* Problem description: Please give back, exactly as written, the lines from the line with "Lindsey Wilson University" to the line with "Как правило, мощность" in the listing below, leaving out all pictures.

* Data shown:
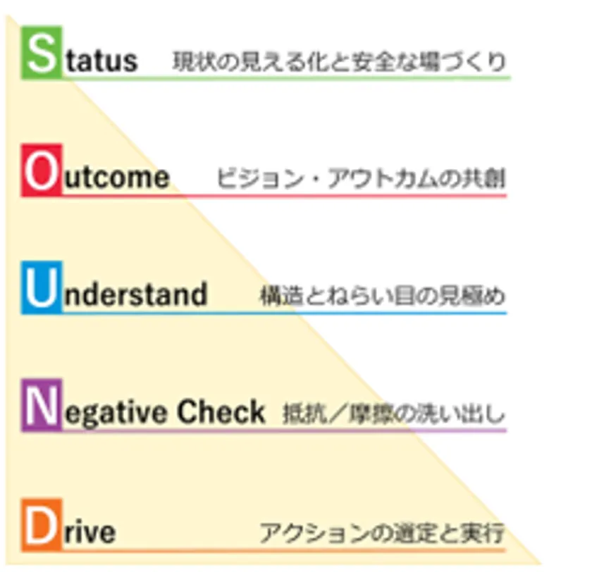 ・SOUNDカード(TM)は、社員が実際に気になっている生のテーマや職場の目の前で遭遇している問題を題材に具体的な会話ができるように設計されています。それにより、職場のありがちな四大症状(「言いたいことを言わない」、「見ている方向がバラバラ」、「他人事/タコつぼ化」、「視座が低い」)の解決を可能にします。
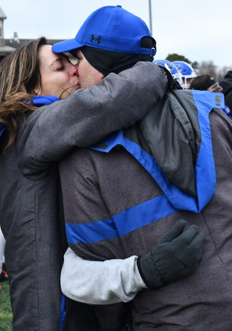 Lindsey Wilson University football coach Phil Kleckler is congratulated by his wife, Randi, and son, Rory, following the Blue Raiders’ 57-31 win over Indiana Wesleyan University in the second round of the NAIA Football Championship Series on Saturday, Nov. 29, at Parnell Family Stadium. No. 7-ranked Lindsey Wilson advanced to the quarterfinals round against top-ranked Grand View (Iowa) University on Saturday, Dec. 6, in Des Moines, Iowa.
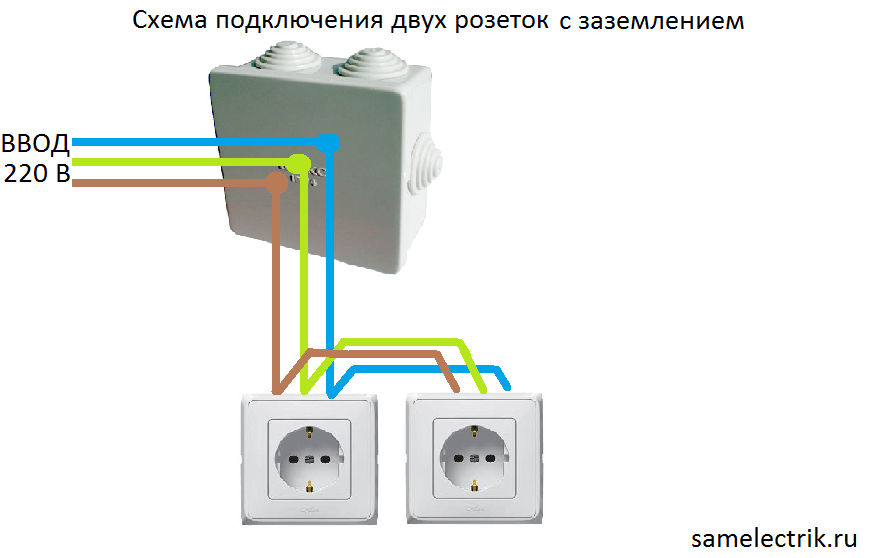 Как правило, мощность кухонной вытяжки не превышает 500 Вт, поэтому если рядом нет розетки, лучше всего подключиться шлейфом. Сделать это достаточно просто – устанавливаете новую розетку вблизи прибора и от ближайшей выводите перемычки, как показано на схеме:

--

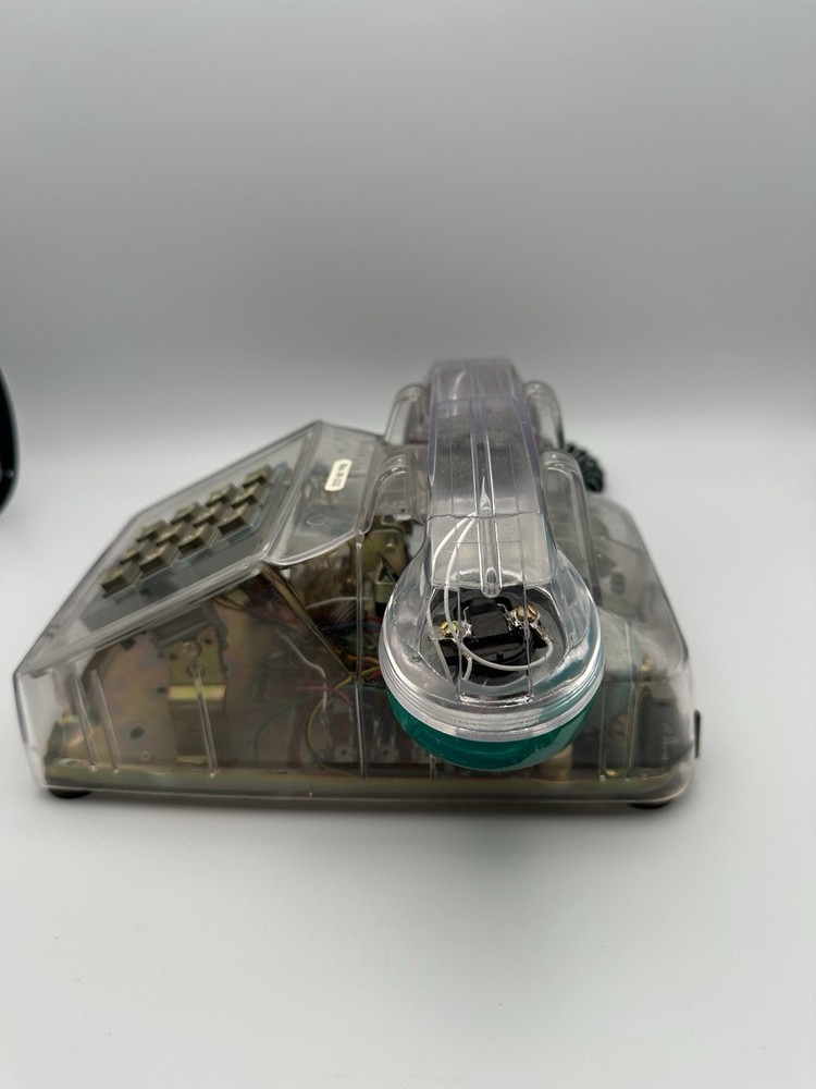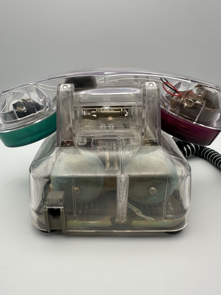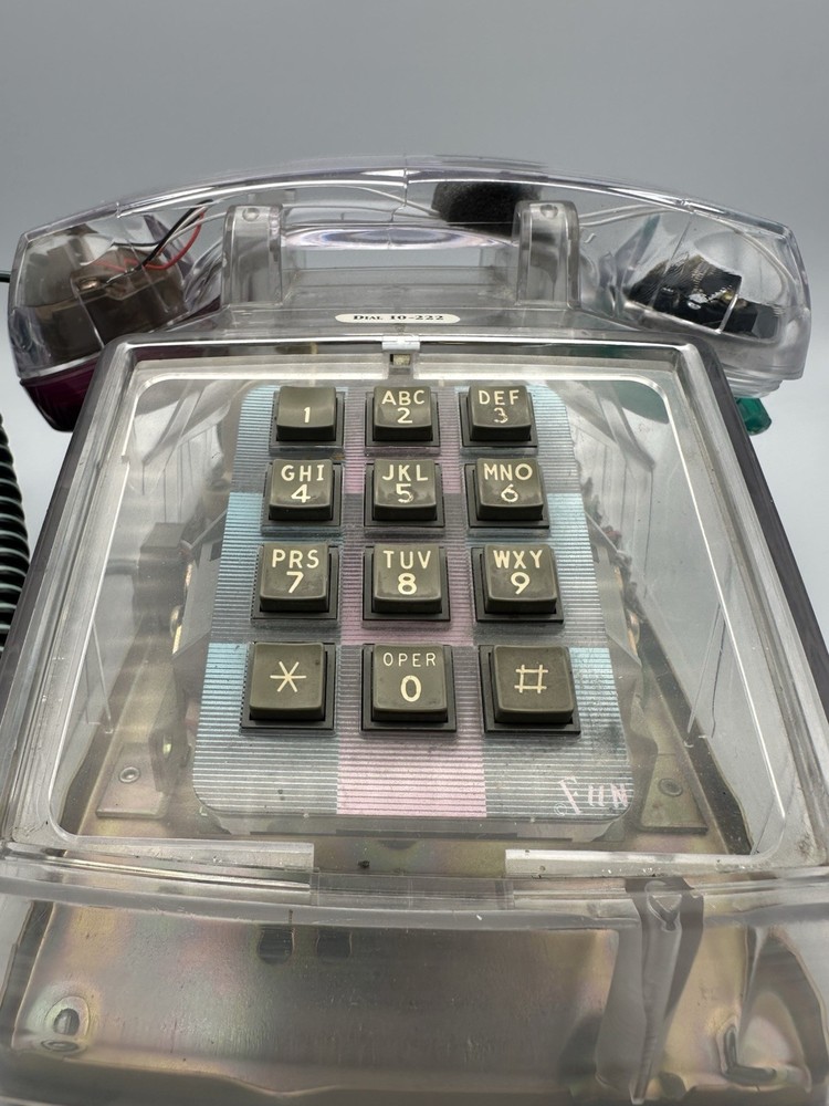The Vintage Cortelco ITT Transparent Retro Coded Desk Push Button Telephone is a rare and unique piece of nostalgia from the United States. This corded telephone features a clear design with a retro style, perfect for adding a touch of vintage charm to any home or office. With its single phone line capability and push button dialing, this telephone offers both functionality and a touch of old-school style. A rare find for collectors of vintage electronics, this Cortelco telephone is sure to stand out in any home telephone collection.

* Solution to the problem:
 Lindsey Wilson University football coach Phil Kleckler is congratulated by his wife, Randi, and son, Rory, following the Blue Raiders’ 57-31 win over Indiana Wesleyan University in the second round of the NAIA Football Championship Series on Saturday, Nov. 29, at Parnell Family Stadium. No. 7-ranked Lindsey Wilson advanced to the quarterfinals round against top-ranked Grand View (Iowa) University on Saturday, Dec. 6, in Des Moines, Iowa.
 Как правило, мощность кухонной вытяжки не превышает 500 Вт, поэтому если рядом нет розетки, лучше всего подключиться шлейфом. Сделать это достаточно просто – устанавливаете новую розетку вблизи прибора и от ближайшей выводите перемычки, как показано на схеме:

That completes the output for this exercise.